From high school students to Bohemian intellectuals to well-heeled sophisticates, about 2,600 people bought tickets to 100 performances of the troupe’s three offerings last season. While that’s not enough to sell out a one-night show at the Orange County Performing Arts Center, it isn’t bad for a 61-seat theater tucked away in a small industrial/retail park off Grand Avenue.

Last season was ART’s first, and the plays--Jean-Paul Sartre’s “No Exit,” Harold Pinter’s “Betrayal” and “Seascape”--were scarcely calculated to draw box-office crowds.

Yet it happened, not only with Albee’s play but with Sartre’s. “On closing night (of ‘No Exit’) so many people came through the door, we did an impromptu second performance,” says Palmer, who doubles as lighting and scenic designer. “We said we’d do another show if they were willing to hang around for two hours. And they did.”

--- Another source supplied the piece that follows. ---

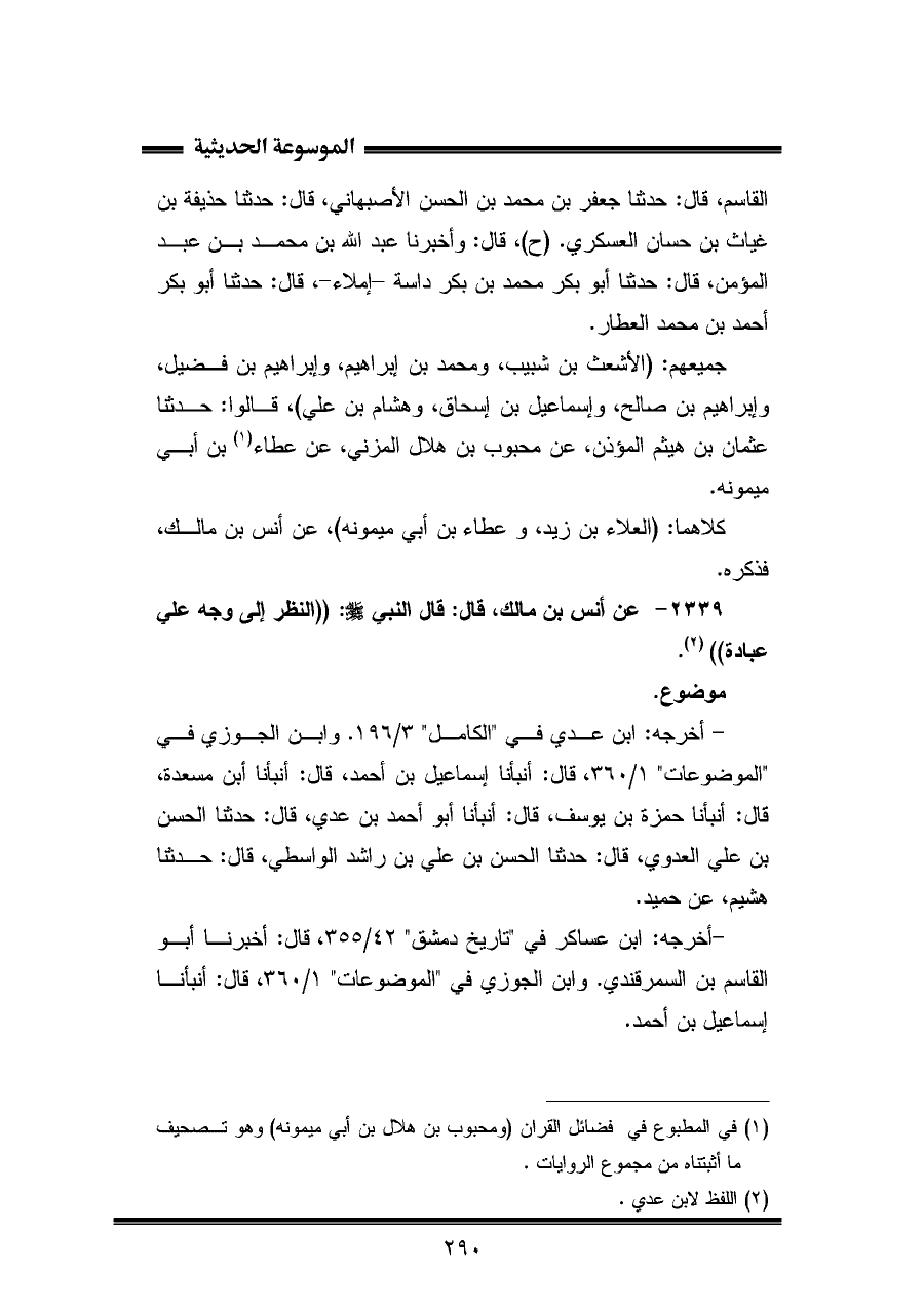 ٢٣٣٩ - عن أنس بن مالك، قال: قال النَّبِيّ - صلى الله عليه وسلم -: "النظر إلى وجه علي عبادة" (¬٢).

Now, as ART contemplates its second season, the troupe wonders whether its beginner’s luck will hold. “We’re still throwing the dice here,” artistic director Patricia Terry says. “All we can hope to do is maintain the quality that is so important to us.”

Henrik Ibsen’s “Ghosts” will begin the 1988-89 season Sept. 30, followed by Arthur Kopit’s “End of the World With Symposium to Follow” on Dec. 3. A third play, to be chosen from the works of Jean Cocteau for participation in an international Cocteau festival, will be announced, as will a fourth play to close the season.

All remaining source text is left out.